Mr. Massey and his daughter argue that attorney's fees should not have been awarded because the suit did not involve a contract and attorney's fees are not authorized by statute.   We disagree.

 Although parties generally cannot recover attorney's fees in the absence of a contract or statute specifically authorizing such, equitable principles may allow the recovery of attorney's fees and other litigation expenses “where a party was required to prosecute or defend the previous suit as a consequence of the ‘wrongful act’ of the defendant.”  Baja Energy, Inc. v. Ball, 669 S.W.2d 836, 838-39 (Tex.App.-Eastland 1984, no writ);  see also Mattly v. Spiegel, Inc., 19 S.W.3d 890, 898-99 (Tex.App.-Houston [14th Dist .] 2000, no pet.) (attorney's fees incurred in resolving credit problems created by defendant's wrongful issuance of a credit card recoverable);  Estate of Arlitt v.
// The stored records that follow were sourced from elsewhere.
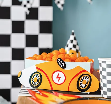 Cajas con forma de Coches hechos de papel, contiene 3 cajas y 6 elementos de papel con forma de coche. Miden aproximadamente 7,5 x 17 cm.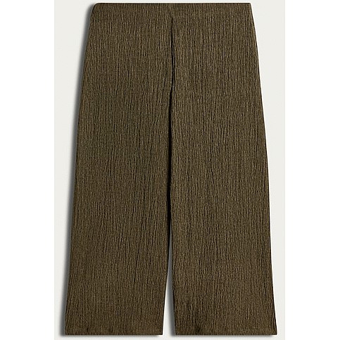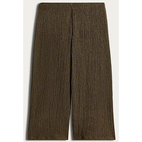 F&F Girls Crinkle Textured Wide Leg Drawstring Trousers in Neutral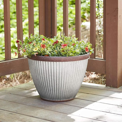 Maceta con apariencia de metal galvanizado pero fabricada en material plástico resistente. Su diseño rústico y envejecido aporta un estilo vintage ideal para decorar cualquier espacio, tanto en interi...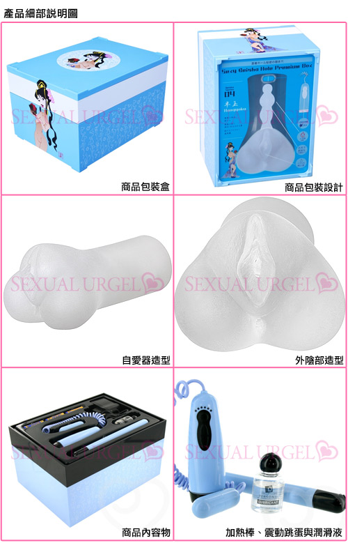 藝妓系列產品有豐富多樣的配件如加熱棒、充電器、USB連接線,多樣化的配件使得本產品更舒適更人性化。建議在使用之前,將加熱棒插入底部小孔,加熱十分鐘,產品就能達到正常人體溫度,使用起來更逼真更刺激。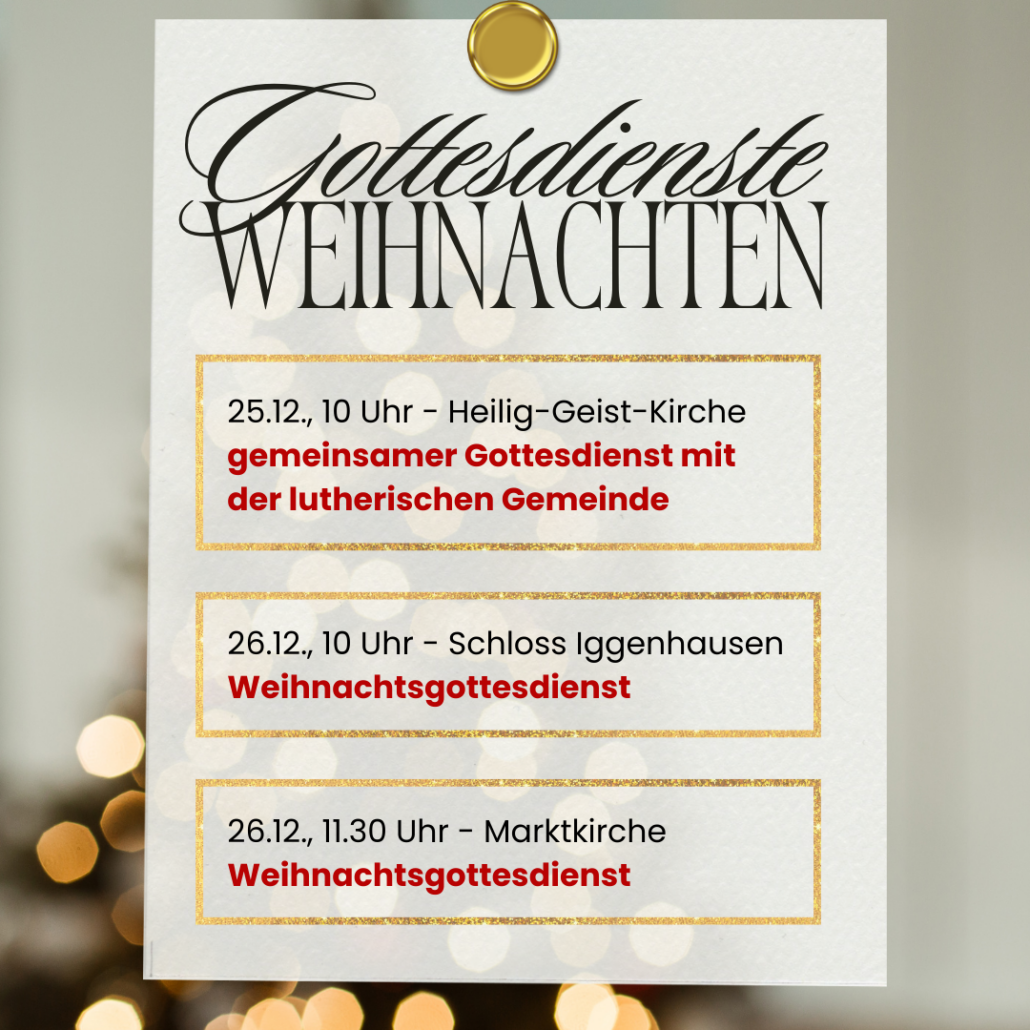 1. Weihnachtsfeiertag – Donnerstag, 25.12.2025, 10 Uhr, Heilig-Geist-Kirche am Sedanplatz: Gemeinsamer Gottesdienst mit der ev.-luth. Kirchengemeinde Lage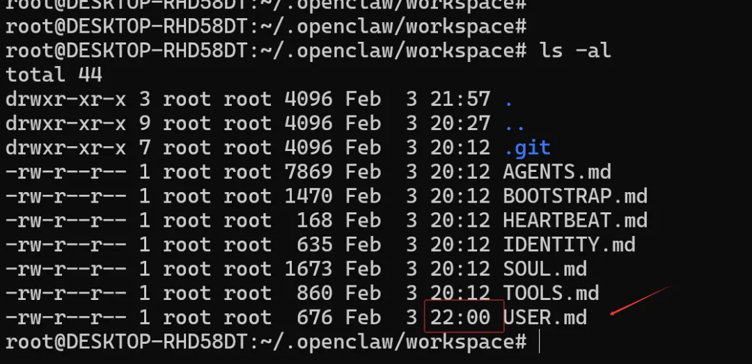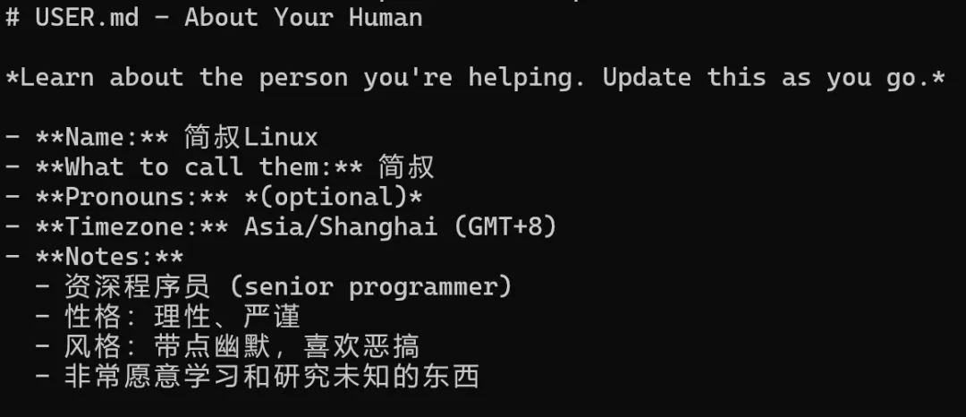 以上的聊天刚结束,~/.openclaw/workspace/USER.md文件就被更改了: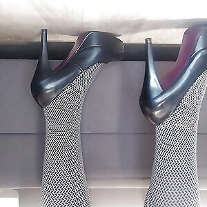 Beautiful woman makes me cum while standing at the window.. ASS JOB , LEG JOB

Paterson, 995 S.W.2d 713, 721 (Tex.App.-San Antonio 1999, pet. denied) (holding that, although attorney's fees usually are not recoverable unless permitted by statute or contract, statutory or contractual authorization was not necessary in a malpractice claim to recover attorney's fees and costs as damages);  Standard Fire Ins. Co. v. Stephenson, 963 S.W.2d 81, 90-91 (Tex.App.-Beaumont 1997, no pet.) (holding that, in a bad faith claim, an insured could recover attorney's fees incurred as a result of the insurer's bad faith where those fees were incurred in prior litigation between the insurer and the insured);  and Nationwide Mutual Ins. Co. v. Holmes, 842 S.W.2d 335, 340-42 (Tex.App.-San Antonio 1992, writ denied) (holding that insured, who incurred unnecessary attorney's fees in order to induce insurer to indemnify him, may recover those fees in a later suit “in the name of equitable principles”).

 By failing to answer the suit, appellants admitted to filing false and defamatory complaints with the Texas Department of Banking, an unfounded grievance with the State Bar of Texas against the Bank's Board chairman and outside counsel, a groundless complaint with the Texas State Board of Public Accountancy, and a complaint with the Sheriff's Department of Colorado County, Texas.1  As a result of these wrongful acts, the Bank was forced to spend $104,000 responding to and defending against all of these complaints and grievances.   The trial court properly allowed these attorney's fees as an element of actual damages.   As such, the award should be upheld.

We affirm the judgment of the trial court.

FOOTNOTES

1.   See Lakeside Leasing Corp. v. Kirkwood Atrium Office Park, 750 S.W.2d 847, 850 (Tex.App.-Houston [14th Dist.] 1988, no writ) (“By failing to answer, a defendant generally admits the material facts properly alleged in his opponent's petition.”).

MICHAEL H. SCHNEIDER, Chief Justice.